_EXERCISE DIRECTIONS_. Write out exactly, and only, the lines below from the line with "本号游戏恐鬼症、心魔、逃离后" through the line with "7-calowy kolorowy ekran"; pictures do not belong in the copy.
##### MATERIAL PROVIDED #####
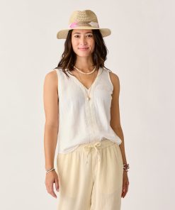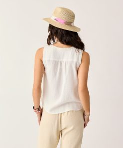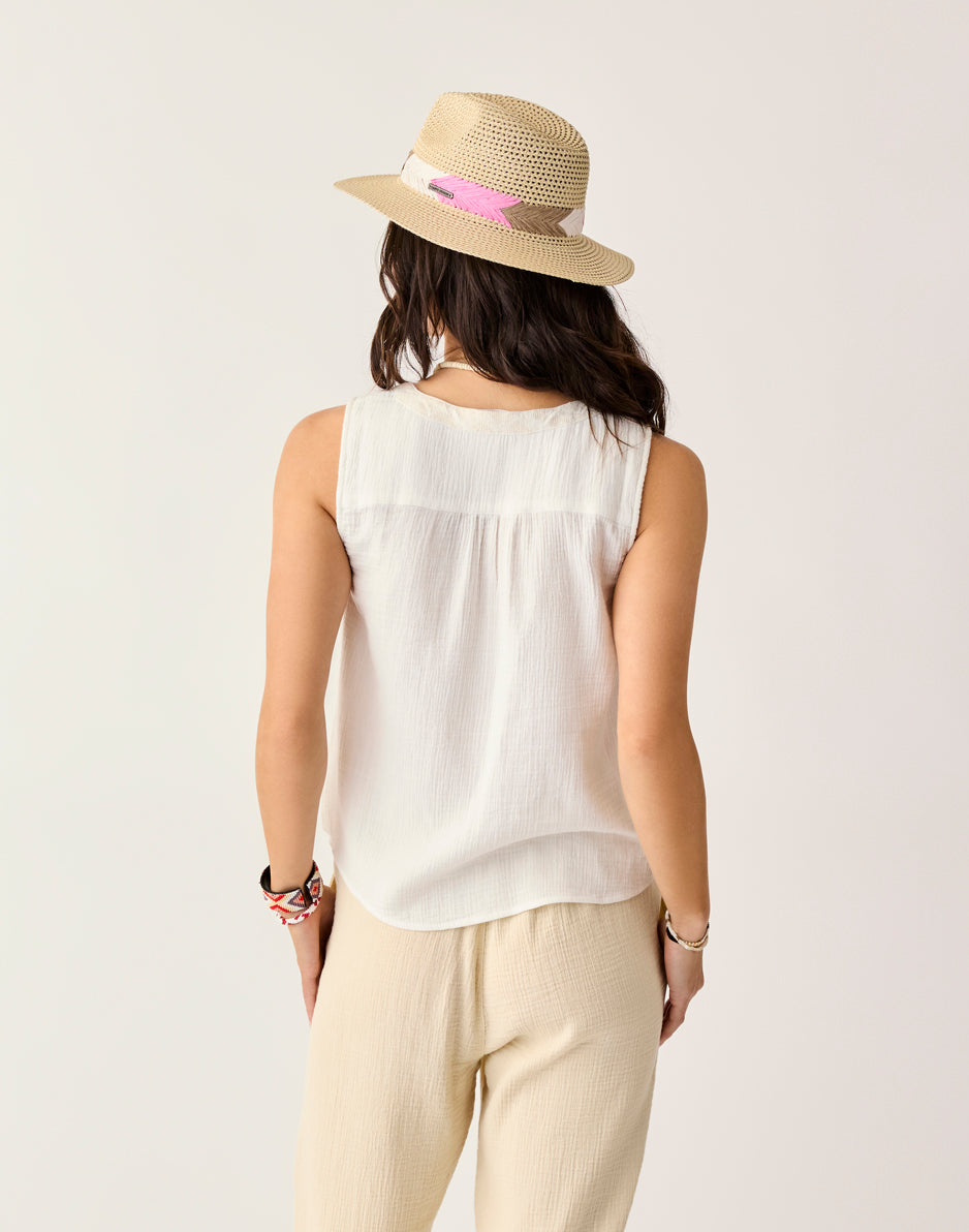 The Kayla echoes the carefree style and grace of summer itself thanks to its 100% organic cotton double gauze, V-neck, shirttail hem, embroidered placket, and acid wash, that gives each piece a unique appearance (excluding Cloud and Tulip).
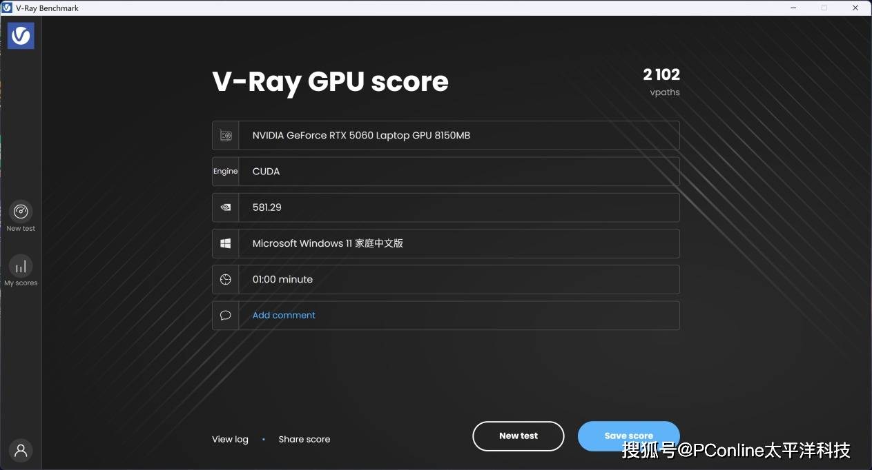 在V-Ray Benchmark中,这颗GPU的CUDA渲染得分达到了2102 vpaths,属于目前移动平台的中高水平,基本能够满足中型场景的图形光线追踪需求。
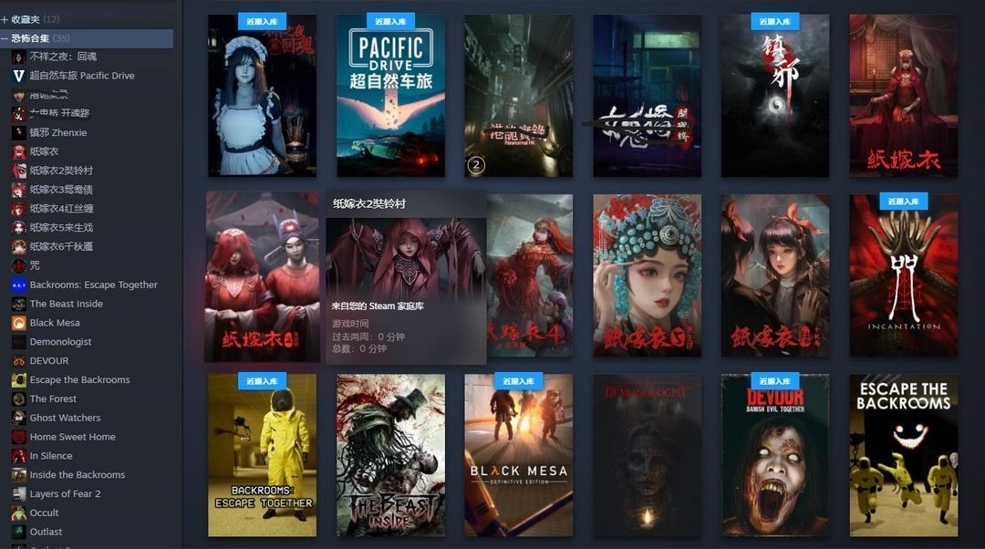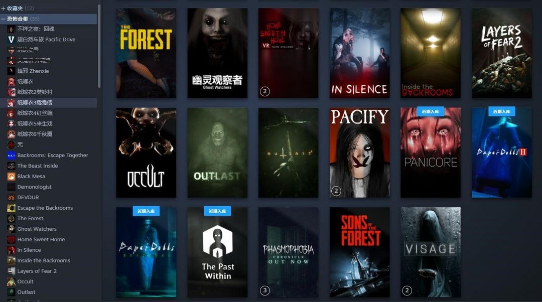 本号游戏恐鬼症、心魔、逃离后室、安抚、逃离后室一起、面容、层层恐惧、 森林、森林之子、不祥之夜回魂、甜蜜之家、逃生1+2、港-诡-实录、女鬼-桥1+2、纸嫁衣1-6、纸人1+2、镇邪、咒、吞噬、恶魔学家、恐慌核心、超自然之旅、幽灵观察者、内心往事、黑山研究所、寂静、暗防深入后室、Occult
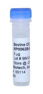 The Bovine CCL5 yeast-derived recombinant protein is not tagged and is naturally endotoxin-free. The purity is greater than 98% as visualized by SDS-PAGE analysis. Bovine CCL5 applications are for cell culture, ELISA standard, and Western Blot Control. The Bovine CCL5 yeast-derived recombinant protein can be purchased in multiple sizes. Bovine CCL5 Specifications: (Molecular Weight: 7.9 kDa) (Amino Acid Sequence: SPYASDTTPCCFAYISRPLPRTHVQEYFYTSSKCSMAAVVFITRKNRQVCANPEKKWVREYINALELS) (Gene ID: 327712). For research use only. Made in the USA
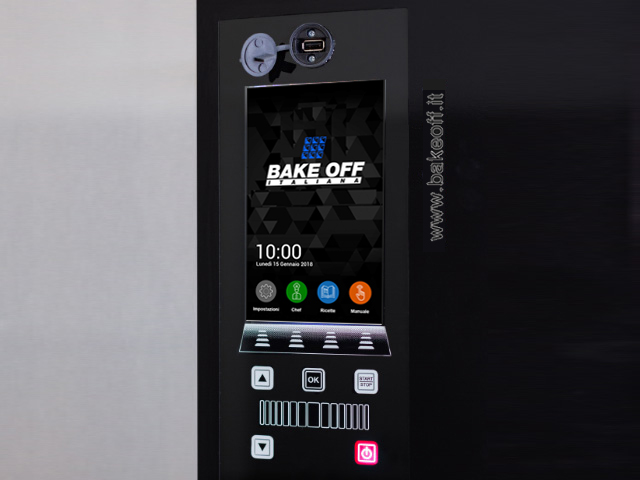 7-calowy kolorowy ekran LCD TFT POJEMNOŚCIOWY chroniony szkłem o grubości 5 mm, funkcja multi-touch, długotrwały w większości środowisk, odporny na kontakt z wodą, kurzem i tłuszczem, wyposażony w prosty, intuicyjny i konfigurowalny interfejs, szybkie zarządzanie szefem kuchni i przepisy użytkownika, 500 programowalnych przepisów, obsługuje ponad 30 języków, jest również wyposażony w programy gotowania nocnego. Vision zarządza programami i funkcjami piekarnika w sposób kompletny i autonomiczny.
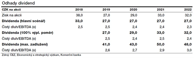 "Pozitivní výsledky obojího se mohou odrazit i na vyšší dividendě, která by se mohla udržet nad 30 Kč na akcii. Náš hlavní scénář počítá s dividendou z letošního roku 27 Kč, což by odpovídalo 100% výplatnímu poměru. V dlouhodobém horizontu předpokládáme návrat k původní dividendové politice, tedy k výplatě 60-80 % očištěného čistého zisku," napsal Miroslav Frayer.
#####
_WRITTEN REPLY_.
 本号游戏恐鬼症、心魔、逃离后室、安抚、逃离后室一起、面容、层层恐惧、 森林、森林之子、不祥之夜回魂、甜蜜之家、逃生1+2、港-诡-实录、女鬼-桥1+2、纸嫁衣1-6、纸人1+2、镇邪、咒、吞噬、恶魔学家、恐慌核心、超自然之旅、幽灵观察者、内心往事、黑山研究所、寂静、暗防深入后室、Occult
 The Bovine CCL5 yeast-derived recombinant protein is not tagged and is naturally endotoxin-free. The purity is greater than 98% as visualized by SDS-PAGE analysis. Bovine CCL5 applications are for cell culture, ELISA standard, and Western Blot Control. The Bovine CCL5 yeast-derived recombinant protein can be purchased in multiple sizes. Bovine CCL5 Specifications: (Molecular Weight: 7.9 kDa) (Amino Acid Sequence: SPYASDTTPCCFAYISRPLPRTHVQEYFYTSSKCSMAAVVFITRKNRQVCANPEKKWVREYINALELS) (Gene ID: 327712). For research use only. Made in the USA
 7-calowy kolorowy ekran LCD TFT POJEMNOŚCIOWY chroniony szkłem o grubości 5 mm, funkcja multi-touch, długotrwały w większości środowisk, odporny na kontakt z wodą, kurzem i tłuszczem, wyposażony w prosty, intuicyjny i konfigurowalny interfejs, szybkie zarządzanie szefem kuchni i przepisy użytkownika, 500 programowalnych przepisów, obsługuje ponad 30 języków, jest również wyposażony w programy gotowania nocnego. Vision zarządza programami i funkcjami piekarnika w sposób kompletny i autonomiczny.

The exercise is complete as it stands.